• WHAT TO WORK ON: Exactly as they appear, retype the lines from the one containing "总会吉他谱,刘惜君演唱,诗意" through the final line of the data below. Leave pictures out.

INPUT below:

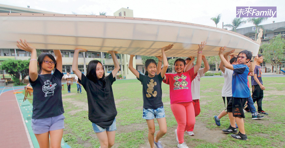 例如造舟的難度較高,一開始,學生們不知道如何分工,但漸漸的,孩子發現各自在行的領域,有的人擅長鋸木頭,有的很會釘釘子,有的對色彩很敏感、能夠設計,有人雖然手作不好,但是國文造詣高,可以幫船取名字。
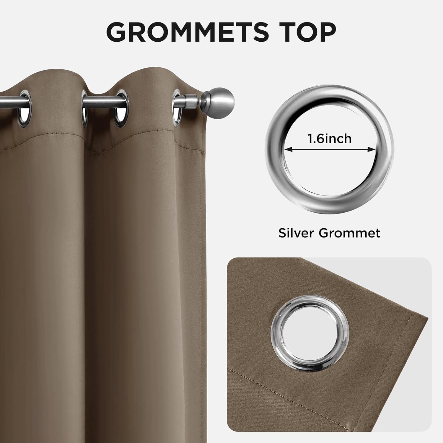 Joydeco Blackout Curtains 108 Inch Length 2 Panels Set, Thermal Insulated Long Curtains& Drapes 2 Burg, Room Darkening Grommet Drapes for Living Room Bedroom Window (W52 x L108 Inch, Khaki)
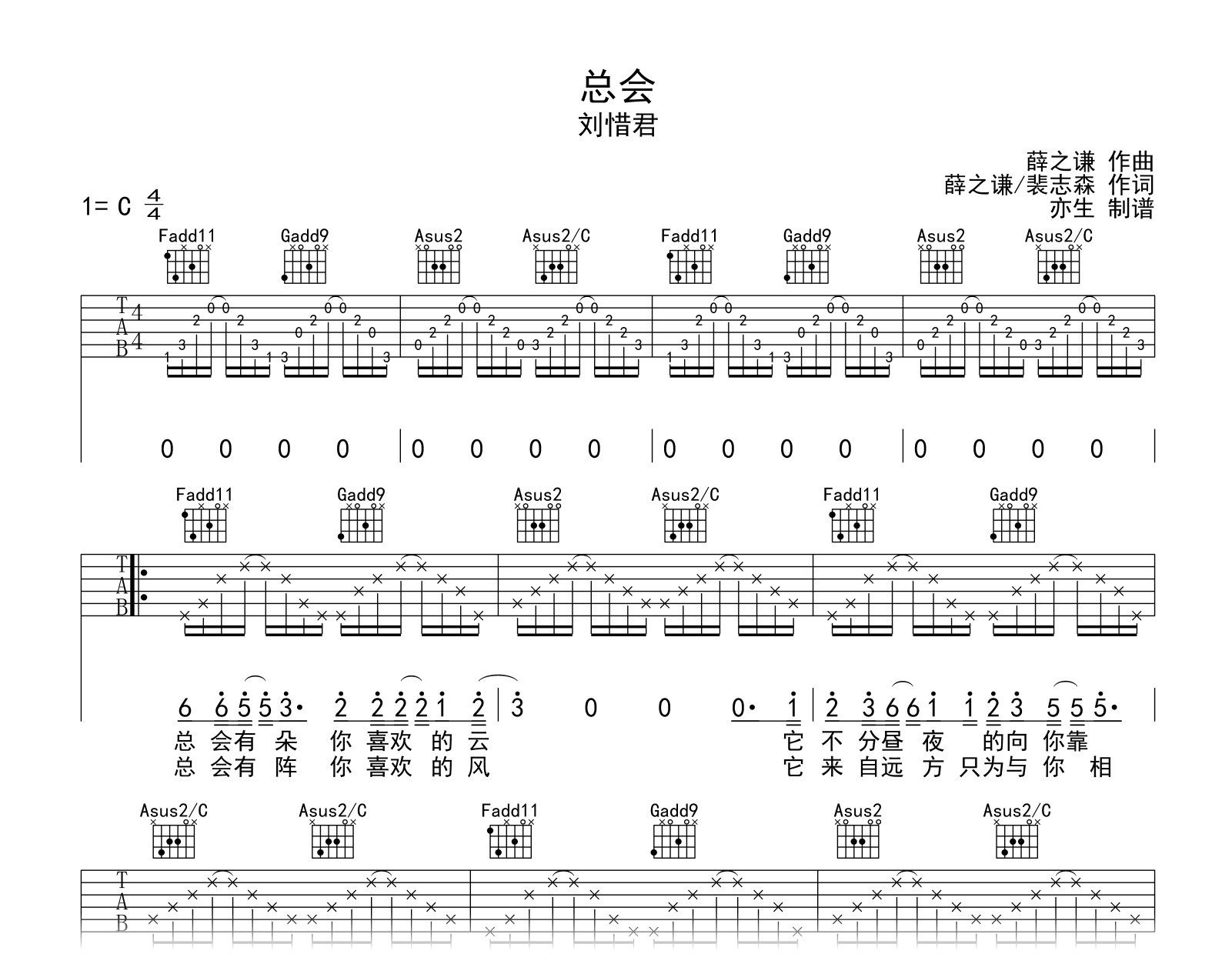 总会吉他谱,刘惜君演唱,诗意细腻的歌词,清澈纯净的声音,倾诉着时空中编织的遗憾和期待。《总会》吉他弹唱谱,选用C调指法,完整六线谱编配,共三张高清图片谱例。
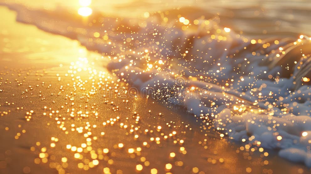 Serene Beach Scene Ocean Wave Crashing on Golden Sand at Sunset Stock
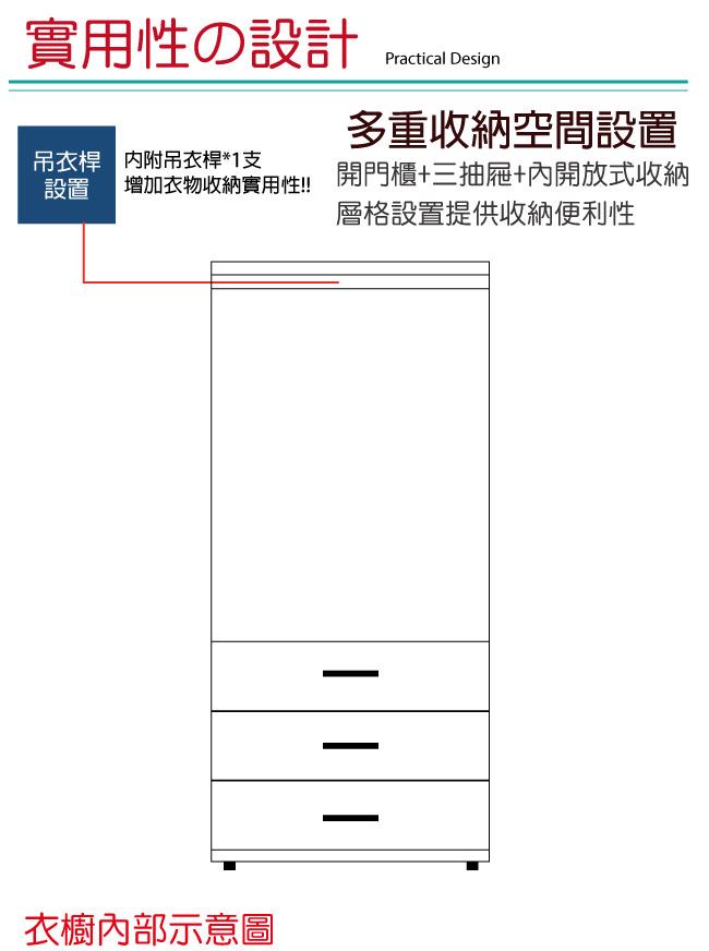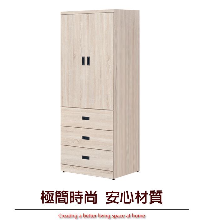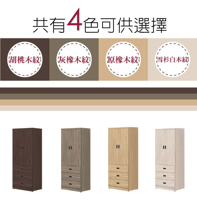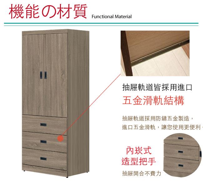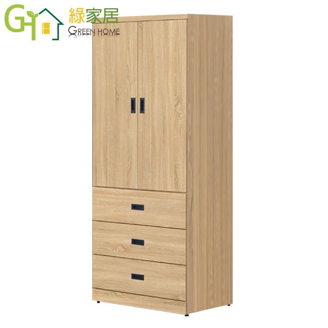 【綠家居】梅維 時尚2.6尺二門三抽衣櫃/收納櫃(四色可選)
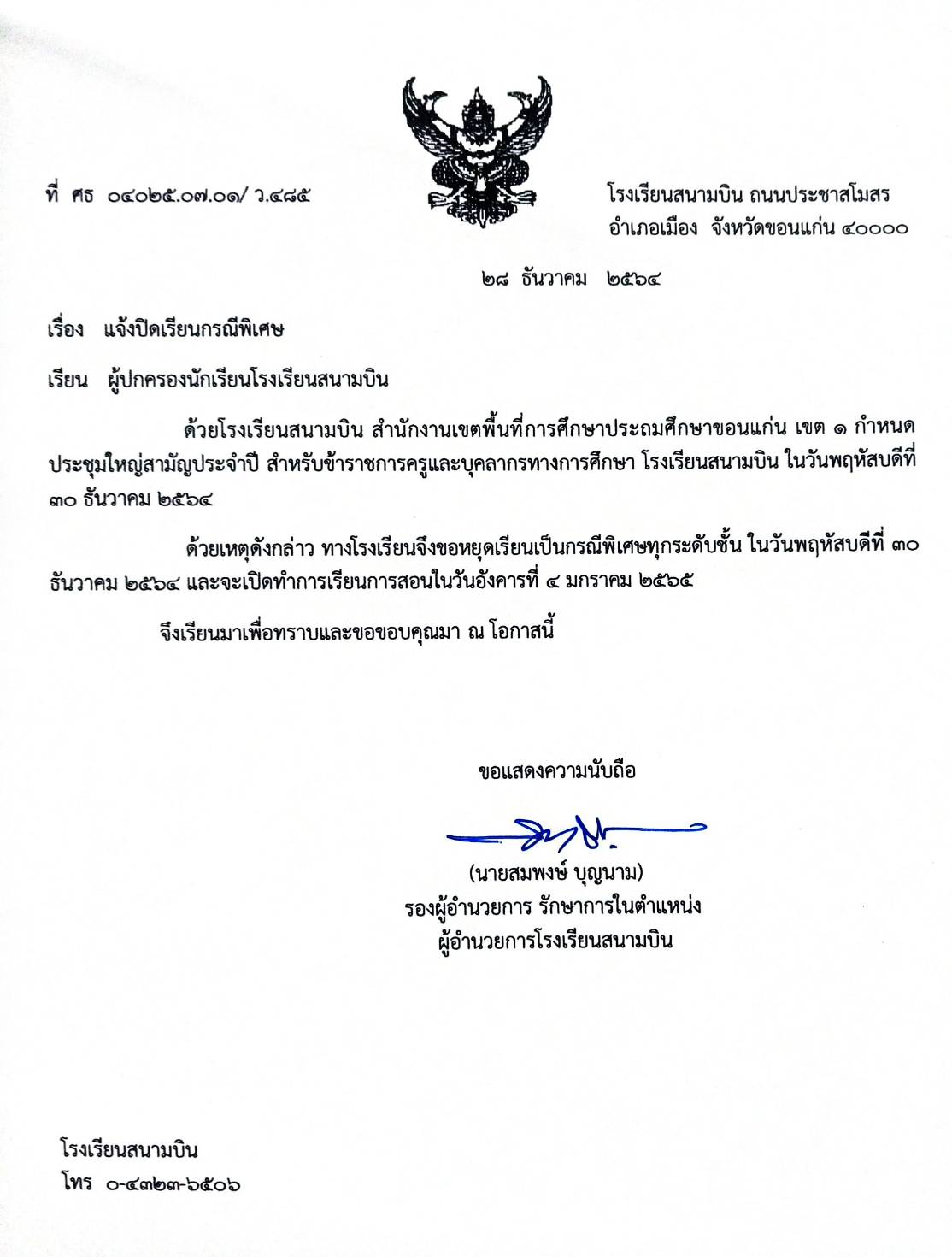 ปิดเรียนกรณีพิเศษ

End of INPUT.

• FINAL ANSWER:
 总会吉他谱,刘惜君演唱,诗意细腻的歌词,清澈纯净的声音,倾诉着时空中编织的遗憾和期待。《总会》吉他弹唱谱,选用C调指法,完整六线谱编配,共三张高清图片谱例。
 Serene Beach Scene Ocean Wave Crashing on Golden Sand at Sunset Stock
 【綠家居】梅維 時尚2.6尺二門三抽衣櫃/收納櫃(四色可選)
 ปิดเรียนกรณีพิเศษ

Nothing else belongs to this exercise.